Item 3: Know the Differences Between `bytes`, `str`, and `unicode`¶

General Python 3

There are two types that represent sequences of characters: bytes and str
bytes contain raw 8-bit values, str contains unicode

In [58]:

#Convert between str and bytes using encode and decode
string = "this is text"
print(string)

bytes_ = string.encode('utf-8')
print("{}".format(bytes_))

string1 = bytes_.decode('utf-8')
print(string1)

print(bytes == string)
print(string == string1)

this is text
b'this is text'
this is text
False
True

bytes and str are never equivilent
Files opened will default to UTF-8 encoding not binary
Use 'wb' to open binary files

In [59]:

#with open('/tmp/random.bin', 'wb') as f:
#    f.write(os.urandom(10))

bytes contain sequences of 8 bit values. str contains unicode. They can't be used together with operators like > or +

Item 4: Write Helper Functions Instead of Complex Expressions¶

Don't overcomplicate one line statements
Move complex expressions to helper functions, especially for repeated code
if/else is more readable than or/and

In [60]:

#Example:
my_values = {'red':[9,8,7]}
print(my_values.get('red', [''])[0] or 0)
print(my_values.get('blue', [''])[0] or 0)

9
0

The preceeding reads: from my_values, if 'red' exists (otherwise return '') get the first value ([0]) if it exists, otherwise return 0
Do something like this instead

In [61]:

def get_first_int(values, key, default=0):
    found = values.get(key, [''])
    if found[0]:
        found = int(found[0])
    else:
        found = default
    return found

print(my_values.get('blue', [''])[0] or 0)

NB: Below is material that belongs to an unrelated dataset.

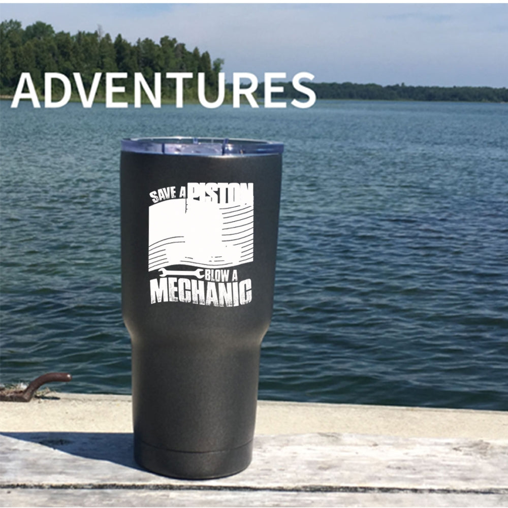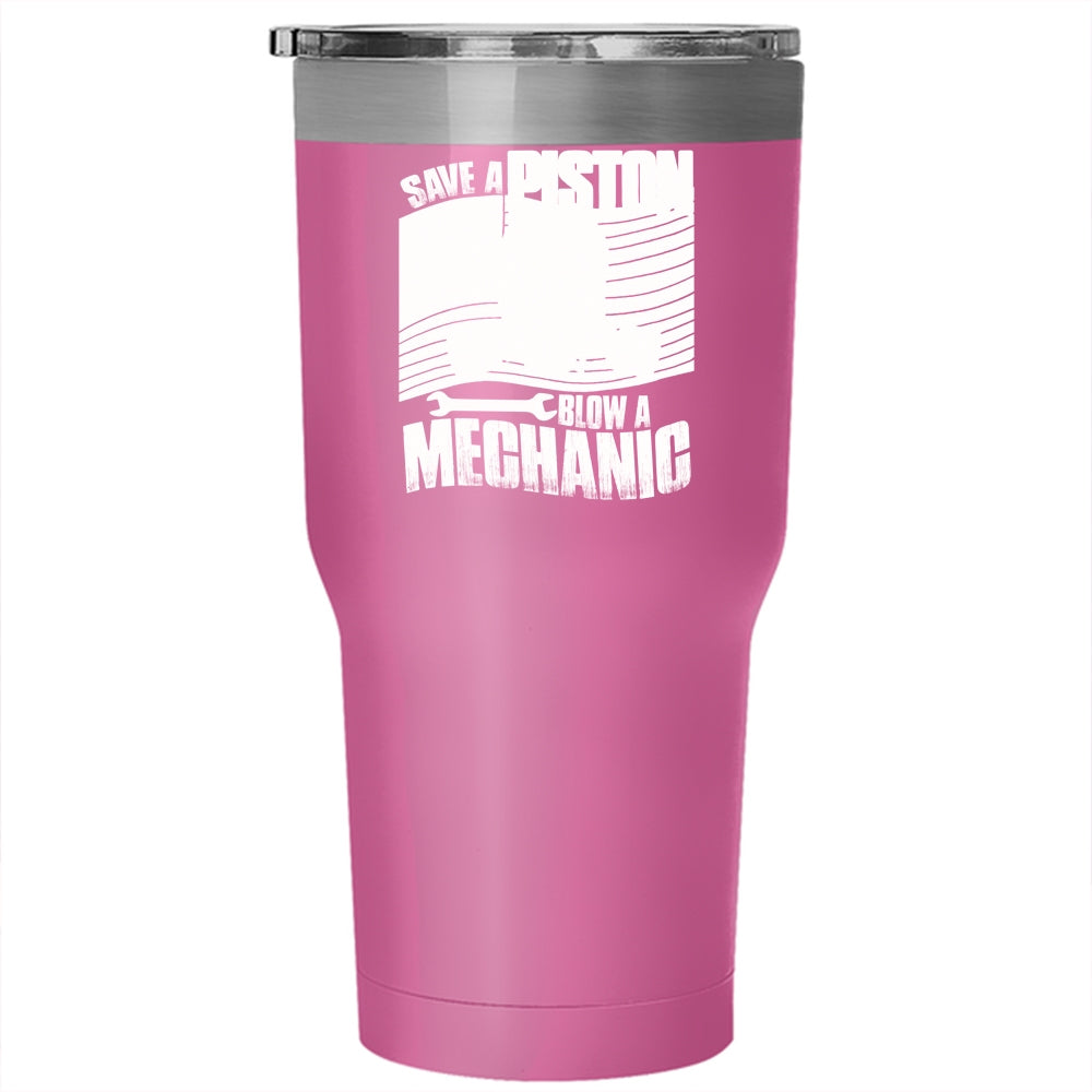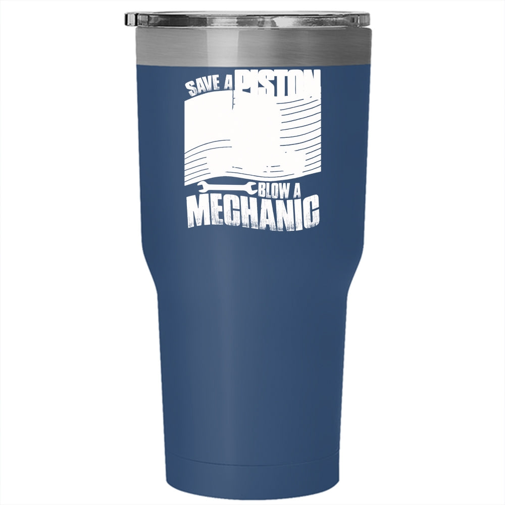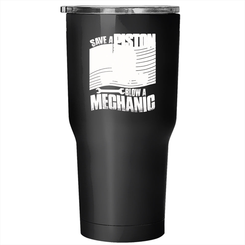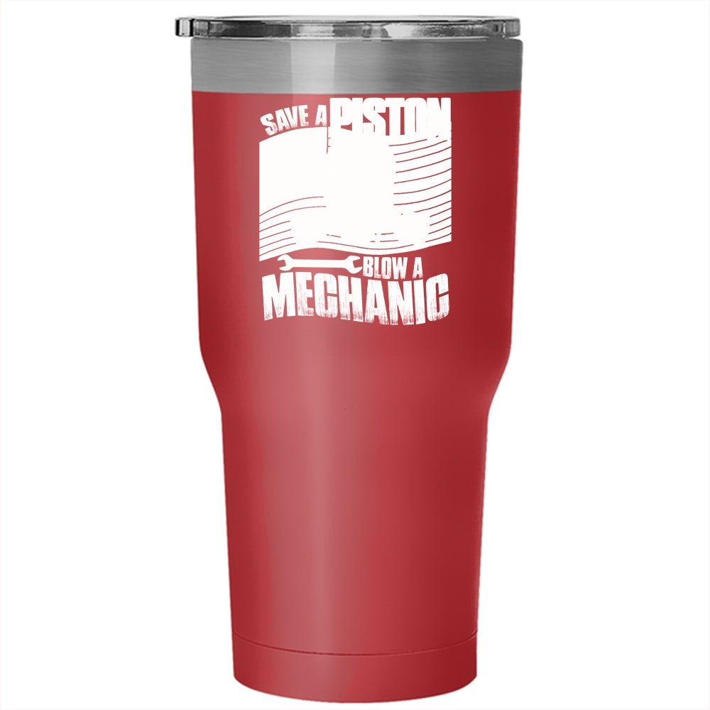 Save A Piston Blow A Mechanic Tumbler 30 oz Stainless Steel, Awesome American Mechanic Travel Mug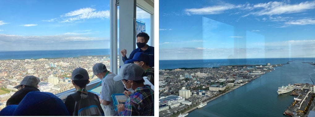 地上125メートル、新潟市内で最も高い31階の展望室から新潟の街を俯瞰し、街と海の意外な近さや消波ブロックの存在、砂浜の位置を確認。眼下を流れる信濃川が日本海に注ぎ込む様子を見ながらNPO法人新潟海洋開発の本間海渡代表理事の話に耳を傾けました。新潟県を日本一の米どころに押し上げた「越後平野」の成り立ちや、開港5港のひとつとして湊町新潟が栄えてきた歴史にも触れ、古くから海と川の恩恵を受けてきたことに参加者それぞれが思いをはせていました。

Item 5: Know How to Slice Sequences¶

Slicing is built in to list,str, and bytes
Slicing can be extended to any class that implements __getitem__ and __setitem__ methods. (Inherticance from collections.abc -- Item 28)
Basic form is alist[start,end] and start is inclusive and end is exclusive.

In [62]:

a = ['a', 'b', 'c', 'd', 'e', 'f', 'g', 'h']
print('First four:', a[:4])
print('Last four: ', a[-4:])
print('Middle two:', a[3:-3])

First four: ['a', 'b', 'c', 'd']
Last four:  ['e', 'f', 'g', 'h']
Middle two: ['d', 'e']

Using alist[0:len(alist)] is redundant
Slicing a list will result in a whole new list and modifying the result won't affect the original list

In [63]:

b = a[:]
b[0:2] = (1,2)
b[2:4] = ['z','y']
print(b)
print(a)

[1, 2, 'z', 'y', 'e', 'f', 'g', 'h']
['a', 'b', 'c', 'd', 'e', 'f', 'g', 'h']

In [64]:

b = a[:]
assert b == a and b is not a

Slicing is forgiving of start and end indexes that are out of bounds making it easy to express slices in the front or back of the list
Assigning a list slice will replace the range even if their sizes are different

Item 6: Avoid Using `start`,`end`, and `stride` in a single slice¶

Using start, end, and stride in a slice can be confusing
Prefer using positive stride in slices without start or end indexes and avoid using negative stride if possible
Avoid using start,end, and stride in a single slice
Consider doing two assignments (one to slice, another to stride) or use isslice from itertools

In [65]:

a = ['a', 'b', 'c', 'd', 'e', 'f', 'g', 'h']
print(a)
#Bad
b = a[0:6:2]
print(b)
#Good
c = a[0:6]
d = c[::2]
print(d)
assert b == d

['a', 'b', 'c', 'd', 'e', 'f', 'g', 'h']
['a', 'c', 'e']
['a', 'c', 'e']

Item 7: Use List Comprehensions Instead of `map` and `filter`¶

List comprehension -- deriving one list from another
Lists are easier to use than map and filter because they don't require lambda functions.
Ex: You want to compute the square of each number in a list

In [66]:

a = [1, 2, 3, 4, 5, 6, 7, 8, 9, 10]
squares = [x**2 for x in a]
print(squares)

[1, 4, 9, 16, 25, 36, 49, 64, 81, 100]

List comprehension is easier to use and allows for filtering

In [67]:

even_squares = [x**2 for x in a if x % 2 == 0]
print(even_squares)

#Bad, confusing use of map and filter
alt = map(lambda x: x**2, filter(lambda x: x % 2 == 0, a))
assert even_squares == list(alt)

[4, 16, 36, 64, 100]

Dictionaries and sets have their own equivilents.

In [68]:

chile_ranks = {'ghost': 1, 'habanero': 2, 'cayenne': 3}
rank_dict = {rank: name for name, rank in chile_ranks.items()}
chile_len_set = {len(name) for name in rank_dict.values()}
print(rank_dict)
print(chile_len_set)

{1: 'ghost', 2: 'habanero', 3: 'cayenne'}
{8, 5, 7}

Item 8: Avoid More Than Two Expressions in List Comprehensions¶

List comprehension allows for more than one loop level
Don't use more than two for readability
Ex: flatten a matrix

In [69]:

matrix = [[1, 2, 3], [4, 5, 6], [7, 8, 9]]
flat = [x for row in matrix for x in row]
print(flat)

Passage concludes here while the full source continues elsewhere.